*SUPPLIED MATERIAL*:
******
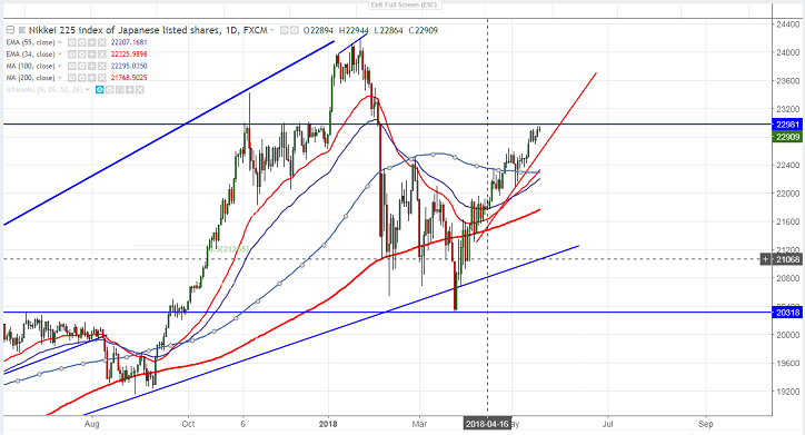 - Asian markets are trading flat as market eyes US-China trade talks in U.S markets yesterday. US and China launch a second round of trade talks on Thursday to avert trade tariff war. Trump admin sought $200 billion reduction in China’s $375 trade surplus. Dow jones 24714 (0.22% lower) and S&P500 2720 (0.09% lower) closed marginally lower. US futures is trading marginally positive with Dow jones at 24714 (0.23% higher) and S&P500 2724 (0.19% higher). It is currently trading around 22919 0.11% higher.
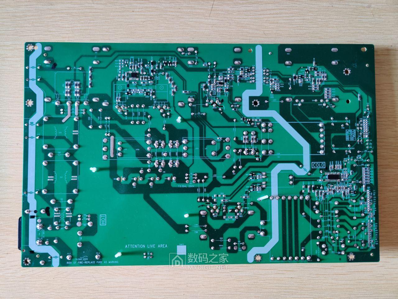 板型比较宽大,元件布局从容,发热元件都有散热片,EMI部分没有做精简。
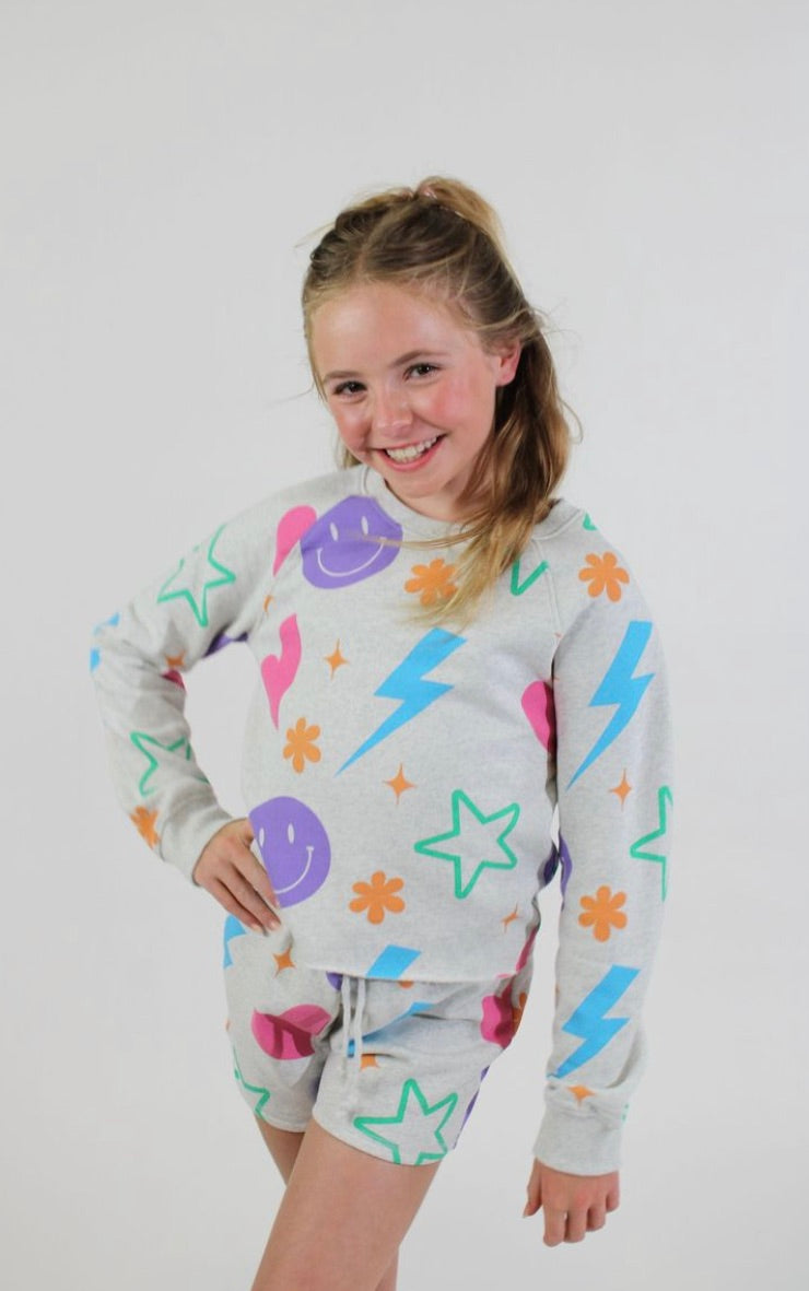 Tween girls fleece shorts featuring multiple icons print all over it.
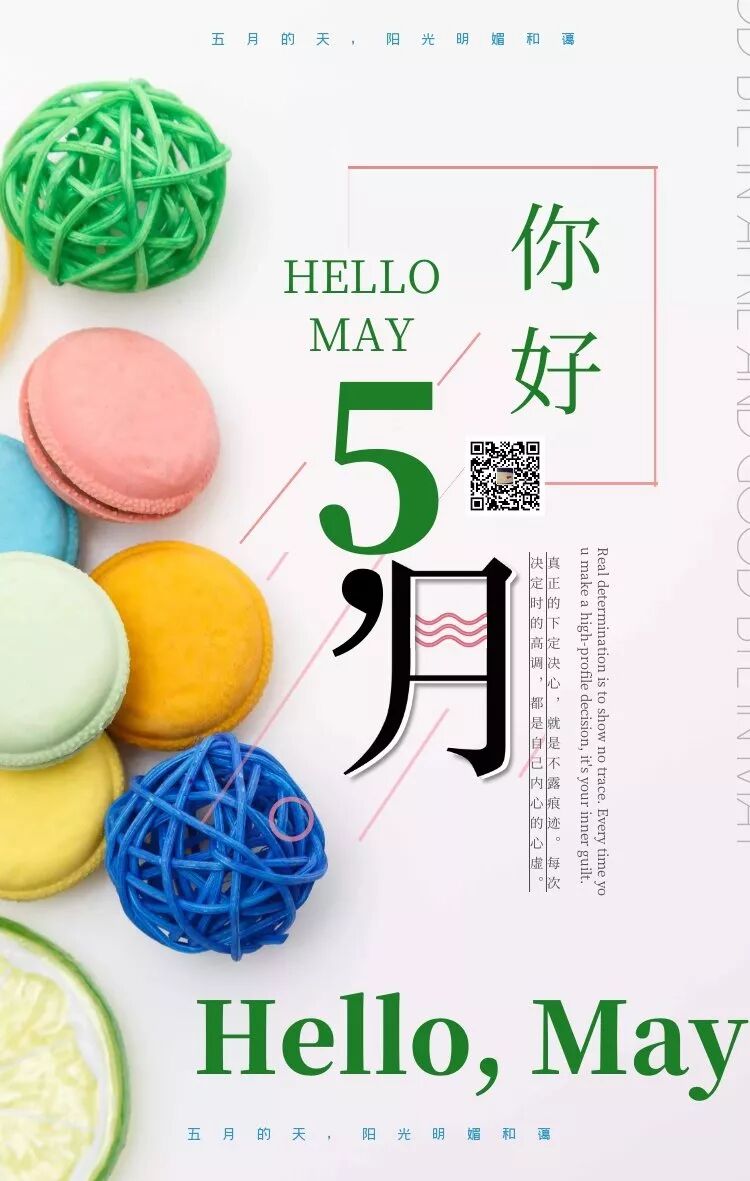 五月,给自己一个全新的开始:读一本好书,看一场电影、约三两好友偷得浮生半日闲,聊风花雪月,谈人生理想,努力减肥,按时睡觉。让自己更好来遇见更好的未来,让过去过去,让未来发生。与世界交手多年,愿岁月必不会辜负诚恳的每一天,4月再见,5月你好!
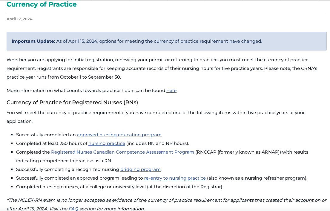 나는 NCLEX 후기를 적은 글에 언급했듯이 NCLEX RN 을 뉴욕보드로 2024년 3월 15일에 보았고, 합격을 하였다. 4월 초 당시, 아직 뉴욕에서 면허증도 안 날아왔었기 때문에 좀 더 있다가 할까 말까 망설이다가 4월 8일에 CRNA에 어카운트를 만들고 Jurisprudence exam, identity check, criminal record check 등을 거쳐 마지막 단계인 Alberta RN 등록비를 낸 건 4월 11일이었다. 그러나 뉴욕주에서 CRNA에 디렉트로 내 면허 정보를 보내줘야 해서 이 부분만 해결이 안 된 상태로 아직 Permit은 나오지 않았고 보류 중이다. 그러던 중에 4월 15일에 더 이상 NCLEX는 받아주지 않는다는 얘기가 들려와서 홈페이지에 들어가 확인했더니 아래의 글이 올라와 있었다.
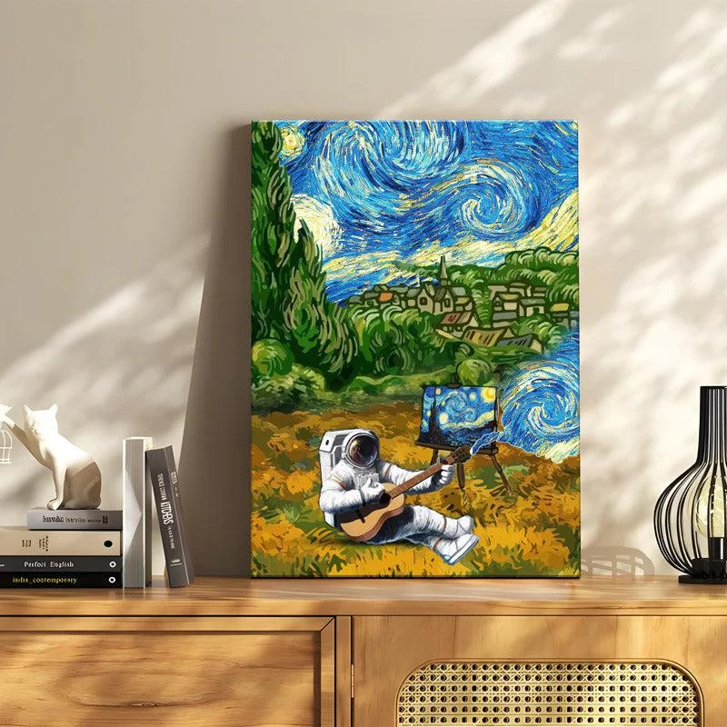 The Astro Starry Night Wall Painting captures the mesmerizing beauty of a starry night, inviting viewers into a tranquil cosmic scene. This artwork is perfect for adding a serene touch to bedrooms, living rooms, or meditation spaces. The rich colors and dreamy designs create a calming atmosphere that encourages relaxation and contemplation. Ideal for those who appreciate the wonders of the universe, this painting enhances your decor with a sense of peace and beauty.
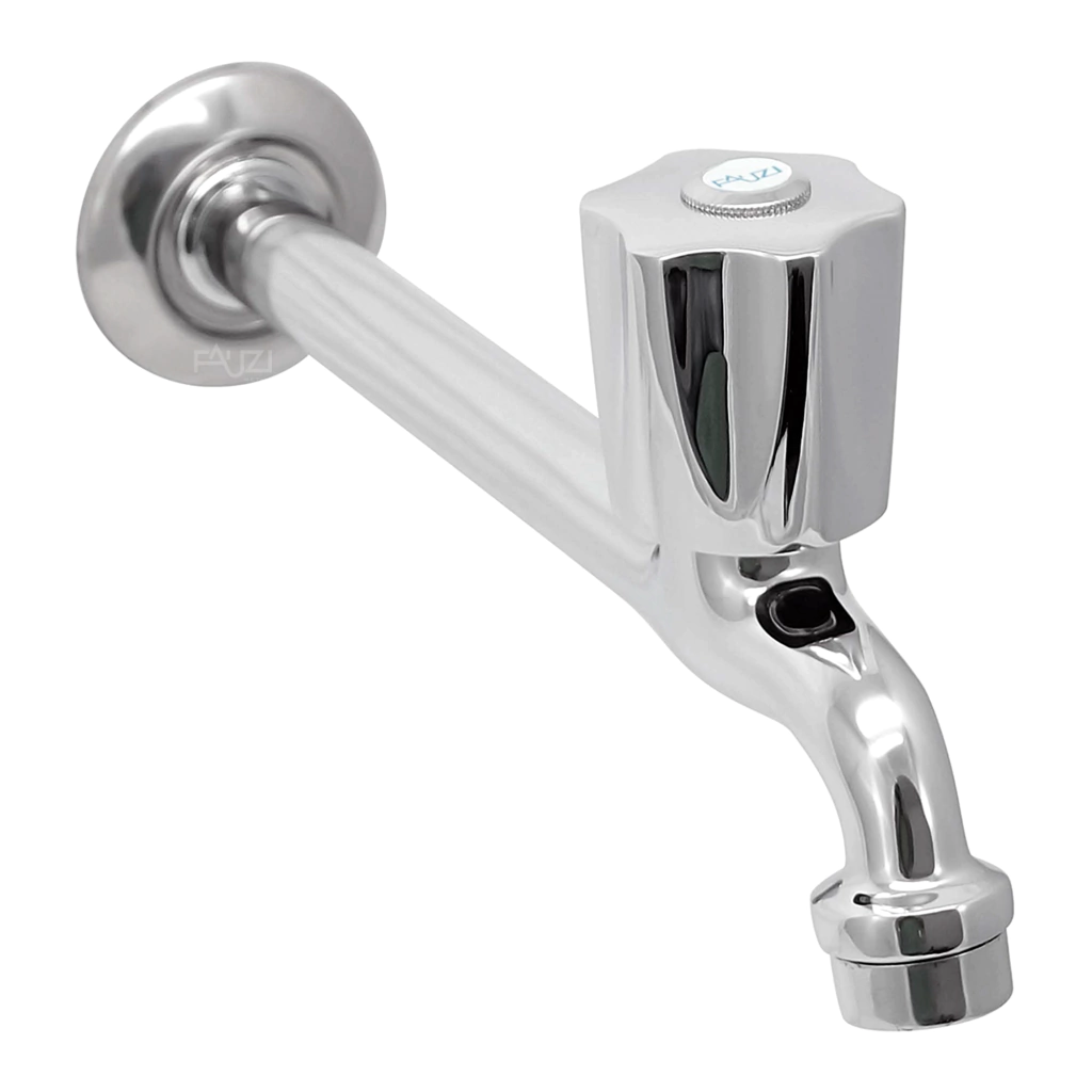 Torneira cromada simples com 22 cm de comprimento de fácil instalação 1/2" com bucha de redução 3/4" para instalação na parede de cozinhas, áreas gourmet ou uso geral.
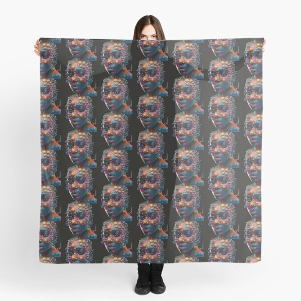 Cyborg Bloom – Futuristic Floral Robot Portrait Ship of Sirens Art by iServalan Scarf
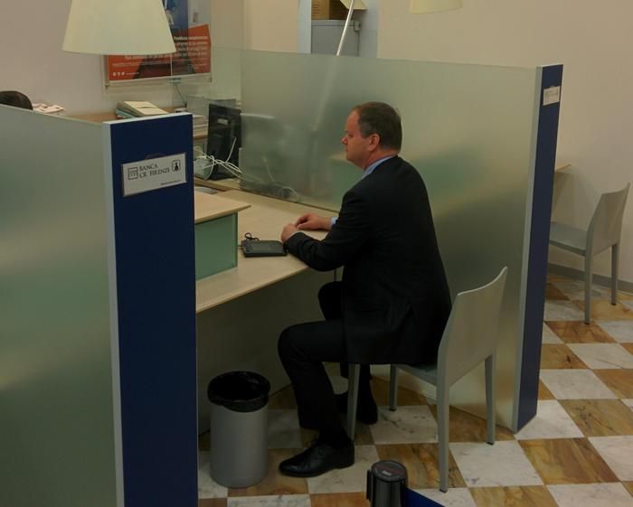 Il direttore entrato nella filiale di una banca e si è seduto in attesa di poter accedere allo sportello, seguito da cronisti e fotografi.
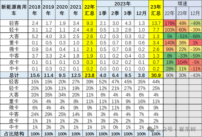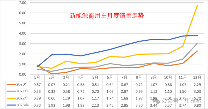 2023年新能源商用车整体呈现1-3月份低位回暖,5-12月份又强势增长的特征。整体来看,5-11月份持续创出2023年的新高水平,也呈现了一路向上的新能源商用车的较好增长局面。12月的走势平稳,主要是基数异常干扰,目前归回常态是好事情。
******
*WORK REQUIRED*: Look for the line that contains "Cyborg Bloom –", then please copy it and the rest of the lines through the end of the data, pictures excluded.

*RESPONSE AREA*:
 Cyborg Bloom – Futuristic Floral Robot Portrait Ship of Sirens Art by iServalan Scarf
 Il direttore entrato nella filiale di una banca e si è seduto in attesa di poter accedere allo sportello, seguito da cronisti e fotografi.
 2023年新能源商用车整体呈现1-3月份低位回暖,5-12月份又强势增长的特征。整体来看,5-11月份持续创出2023年的新高水平,也呈现了一路向上的新能源商用车的较好增长局面。12月的走势平稳,主要是基数异常干扰,目前归回常态是好事情。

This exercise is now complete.